RDE in Simulation Saves Time and Money
Real-world testing of Real Driving Emissions (RDE) requires significant expenditure on staff, vehicles and test equipment, and takes time. The nature of real-world traffic and weather means that it is impossible to repeat test conditions reliably, so it becomes very expensive to achieve a statistically significant test result.

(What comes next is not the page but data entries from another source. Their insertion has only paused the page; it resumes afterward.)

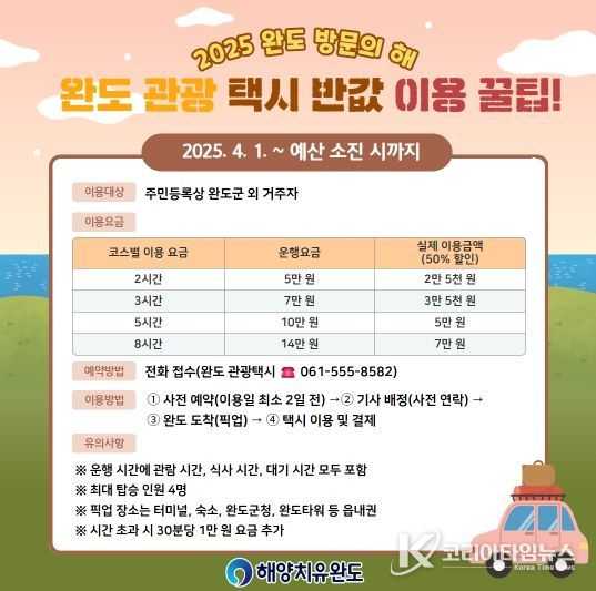 코리아타임뉴스 이아름 기자 | 완도군이 4월부터 ‘완도 관광 택시’를 본격 운영한다.
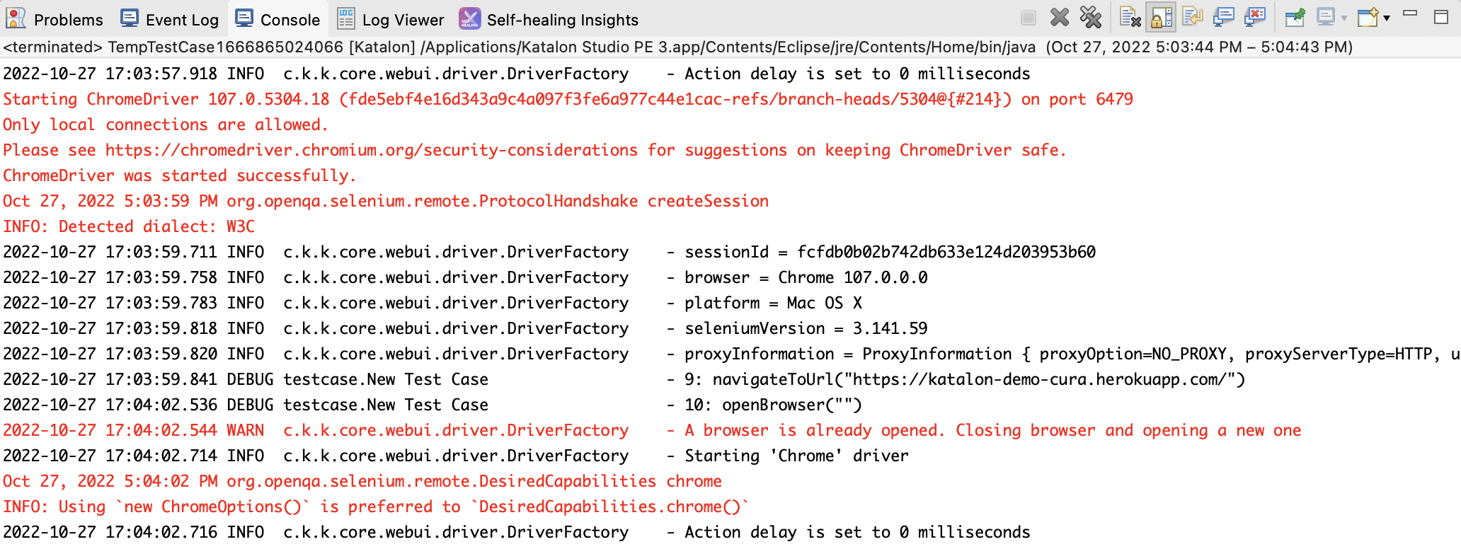 Learn more about working with the execution log and more in our Katalon Academy course: Katalon Studio: How To Work With Execution Logs and Test Reports.
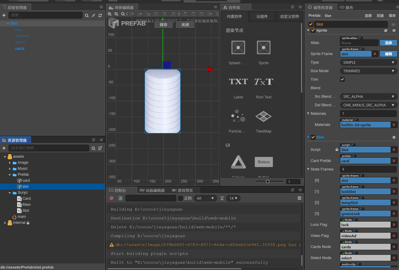 一共12个槽位,三行四列,当然这个你可以自己决定多少。这种规则布局本能反应就是要用Cocos Creator的Layout组件的Grid布局来实现。那么槽位当然是要抽象为预制体Prefab,方便复用逻辑。每个槽位都有自己的坐标,那么发牌就是给槽位添加卡牌,发到对应的槽位就行,那重点是槽位预制体的实现。如下图:卡槽有四个子节点,lock锁的标志,videoAd视频广告标志,video是否可以合并标志,cards存放卡牌容器。slot本身负责根据状态切换纹理:stateFrame。

By using a simulator with rFpro and realistic swarm traffic, for example SUMO or PTV-Vissim, deterministic tests may be conducted in reproducible conditions including accurately modelled weather and traffic but, critically, with a human driver in control of the test vehicle.
Virtual RDE Testing
Virtual testing has become a central part of vehicle development. Used effectively, it enables critical decisions to be made early in an engineering program, prior to hardware, before committing to significant financial investment. Compared to testing an actual vehicle, it also offers the scope to evaluate the effects of a much wider range of possibilities under repeatable conditions, without weather or traffic variations. However, where human driver input is required, virtual testing is of little value unless that driver responds to the test scenario in exactly the same way as they would do in a ‘real world’ situation.
Human Drivers in Simulation
Creating a fully convincing virtual environment, in which a driver feels totally immersed, enables driver-in-the-loop (DIL) testing with a driving simulator to be used, for the first time, in areas where human reaction to a situation affects the vehicle’s behaviour. One such area, not previously associated with simulators, is emissions testing, because when RDE tests take the place of today’s artificial rolling road test cycles, variations between different drivers will significantly influence the results obtained.
The need to ensure, in advance, that a vehicle will achieve the target results during RDE testing threatens to add significant additional cost to the typical development program. Understanding driver-influenced variables, such as poor throttle modulation when cruising, or failure to anticipate traffic slowing down ahead, will be central to optimising the calibration of the vehicle. Quantifying the influence of driving habits on emissions is difficult and time consuming using on-road testing, but software developed by rFpro for DIL simulators creates a sufficiently high level of realism that drivers behave in a representative way. This gives manufacturers the necessary confidence that a car’s virtual emissions performance, in the hands of a human driver using the simulator, will be equivalent to its ‘real world’ results.
The introduction of RDE tests adds another level of complexity to vehicle testing, with emissions influenced by driving style and road conditions. The ability to evaluate the vehicle’s behaviour under repeatable laboratory conditions using drivers of different abilities and habits, in order to maximise confidence ahead of approval testing, can provide a massive saving in cost and time. AVL estimates that over 30 percent of the costs incurred in developing driving attributes could be saved by frontloading the engineering activity on a DIL simulator with subjective feedback.
Using Vehicle Dynamics capable Simulators for RDE
Historically, driving simulators have reacted too slowly to driver input to deliver the realism necessary to trigger driver behaviour that is fully representative of ‘real world’ driving. rFpro’s software provides unprecedented realism when used with the latest generation of lighter motion platforms with faster responses. It does this through the use of lag-free high resolution graphics and finely detailed road surface models faithfully recreating cambers, gradients, bumps and potholes.
rFpro customers have linked their driving simulators to both engine and drivetrain dynos, enabling highly repeatable tests to be conducted with a human driver in control. This allows vehicle manufacturers to identify and isolate those aspects of human driving which differ significantly from computer controlled operation, leading to improved accuracy in predicting how the vehicle will ultimately perform in an RDE test. The low variance between results allows statistical methods to be applied and saves time and cost compared to real car testing on public roads or at test facilities.